- [Exercise aim]
Give again, word for word, the lines below that run from the line with "J. Winter Storage" through the line with "リメイク 結婚式 | ||". Drop the pictures.

== Data records

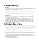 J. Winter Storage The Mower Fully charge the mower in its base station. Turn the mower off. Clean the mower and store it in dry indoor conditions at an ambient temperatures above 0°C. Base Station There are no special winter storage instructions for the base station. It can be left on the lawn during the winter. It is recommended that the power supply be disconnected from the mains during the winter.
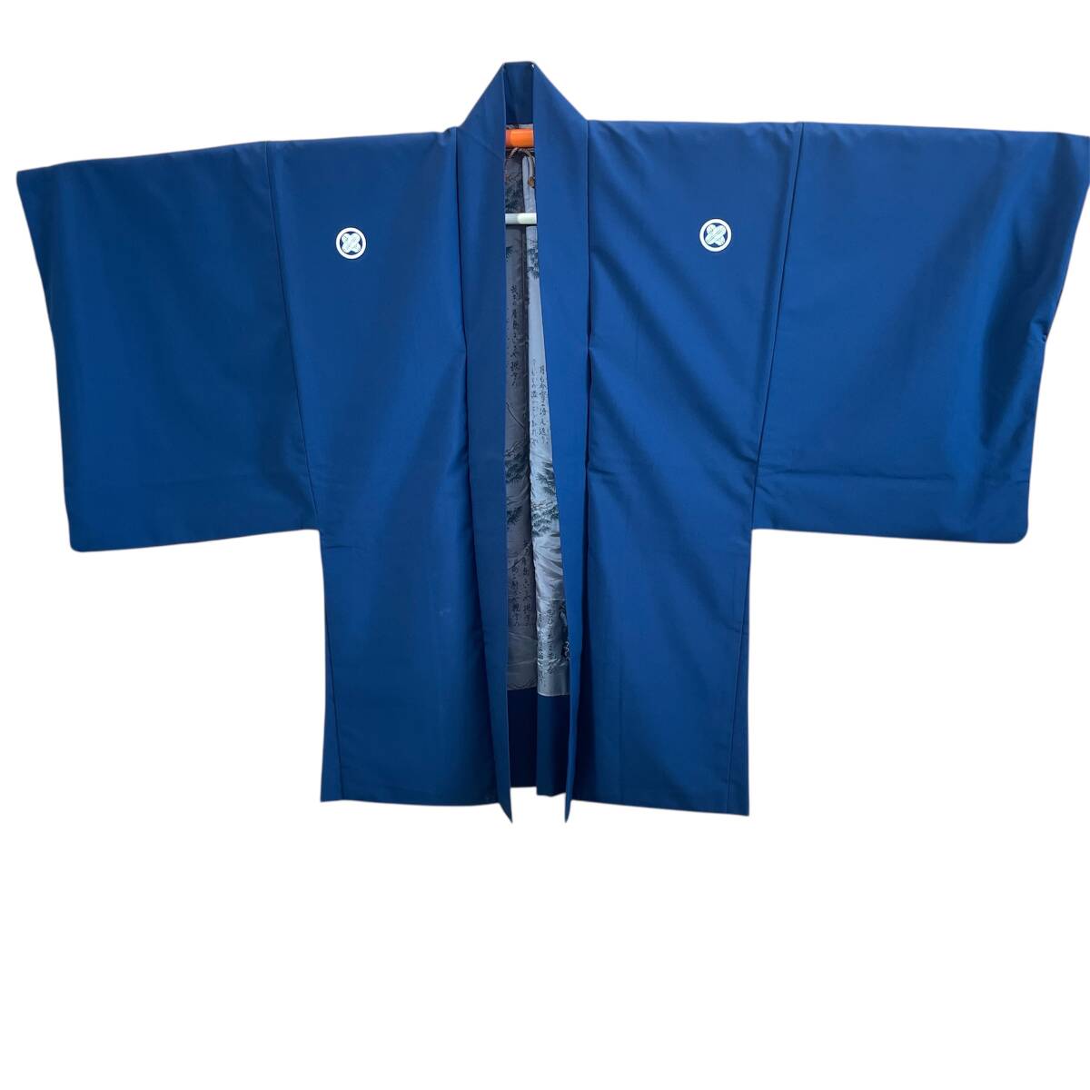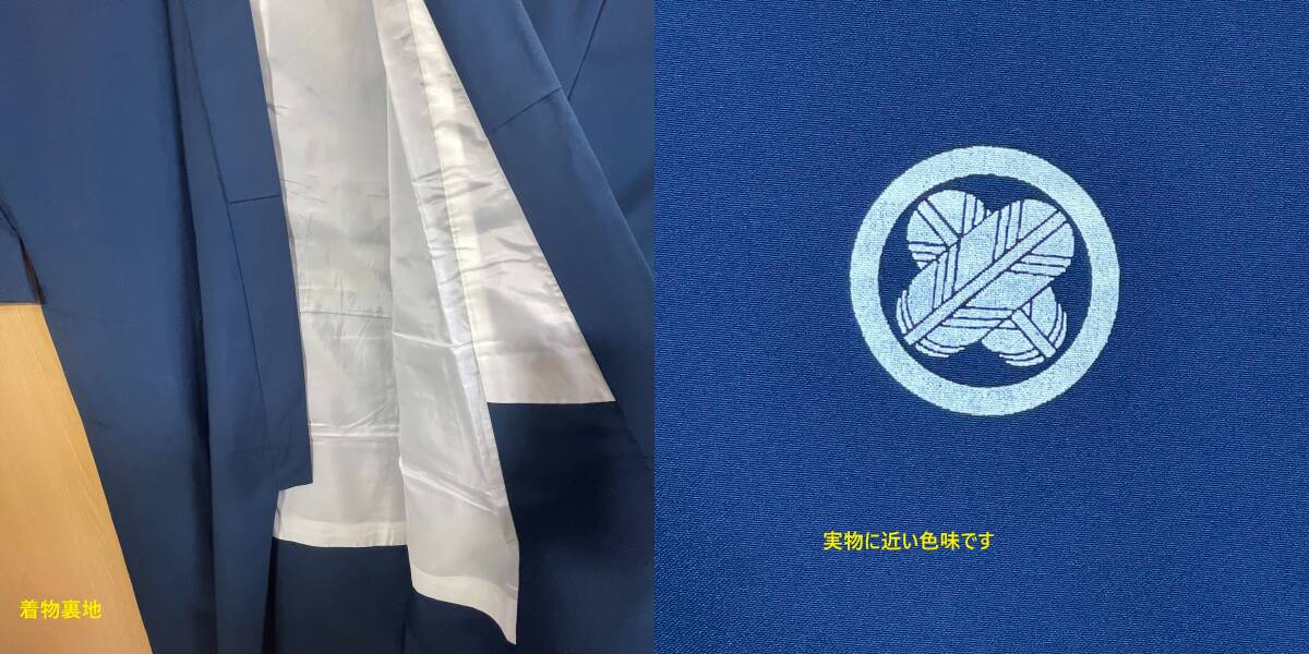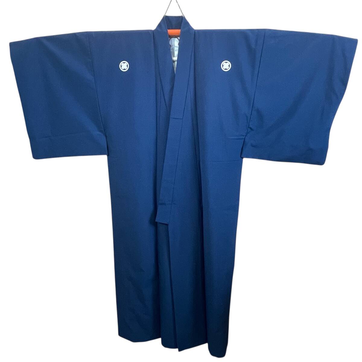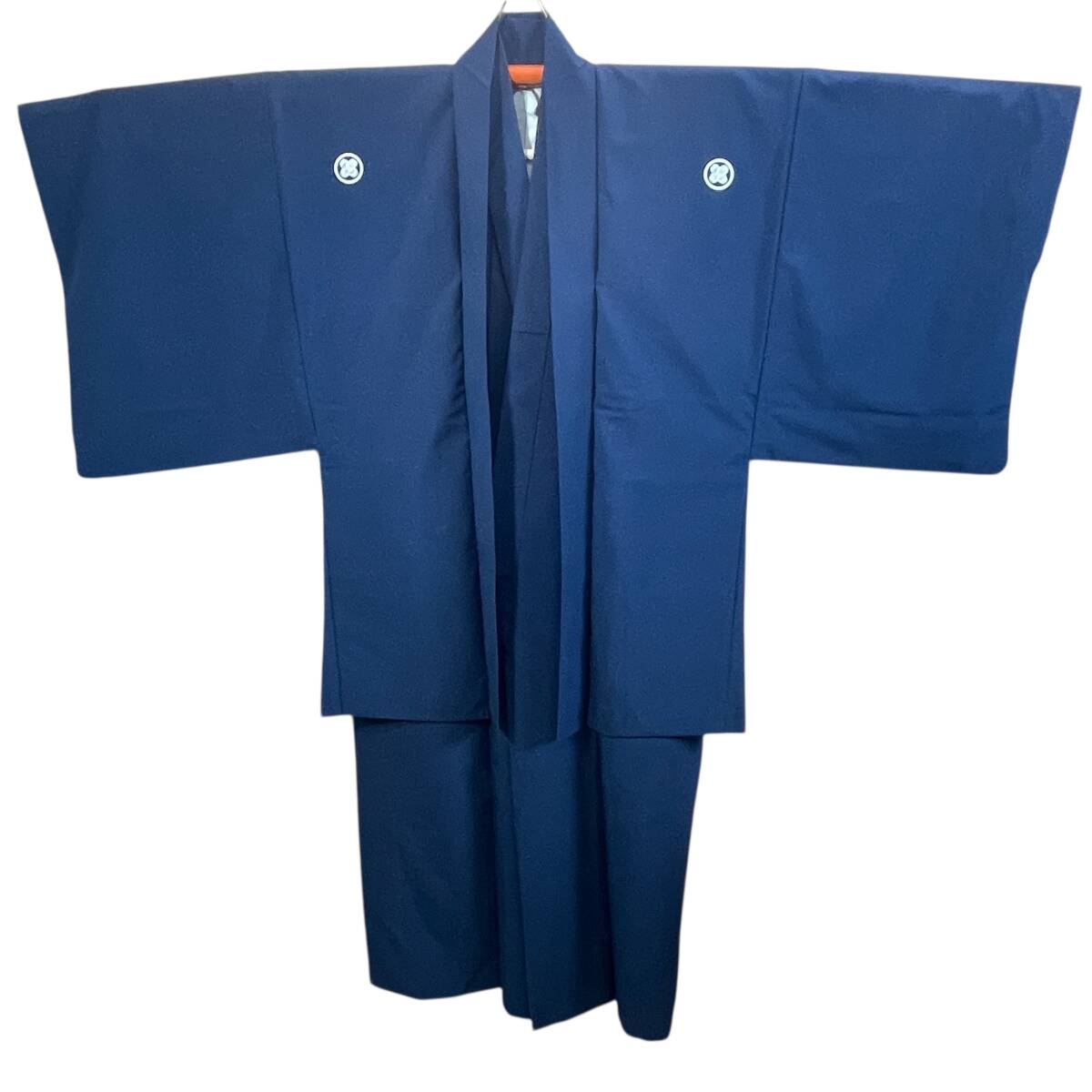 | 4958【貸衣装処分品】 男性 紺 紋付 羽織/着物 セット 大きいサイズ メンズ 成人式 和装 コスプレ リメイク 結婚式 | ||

====
== Data records

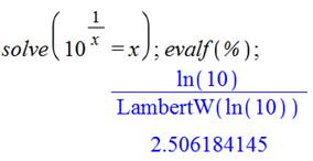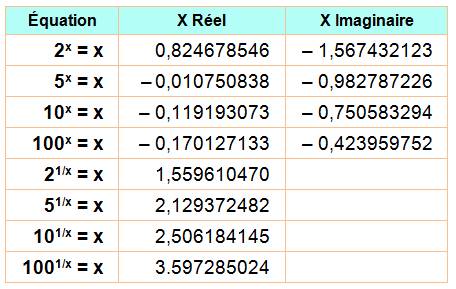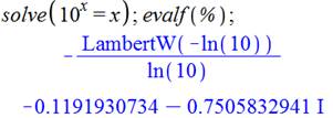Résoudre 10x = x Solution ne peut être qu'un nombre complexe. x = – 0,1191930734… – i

====

- [Exercise solution]
 J. Winter Storage The Mower Fully charge the mower in its base station. Turn the mower off. Clean the mower and store it in dry indoor conditions at an ambient temperatures above 0°C. Base Station There are no special winter storage instructions for the base station. It can be left on the lawn during the winter. It is recommended that the power supply be disconnected from the mains during the winter.
 | 4958【貸衣装処分品】 男性 紺 紋付 羽織/着物 セット 大きいサイズ メンズ 成人式 和装 コスプレ リメイク 結婚式 | ||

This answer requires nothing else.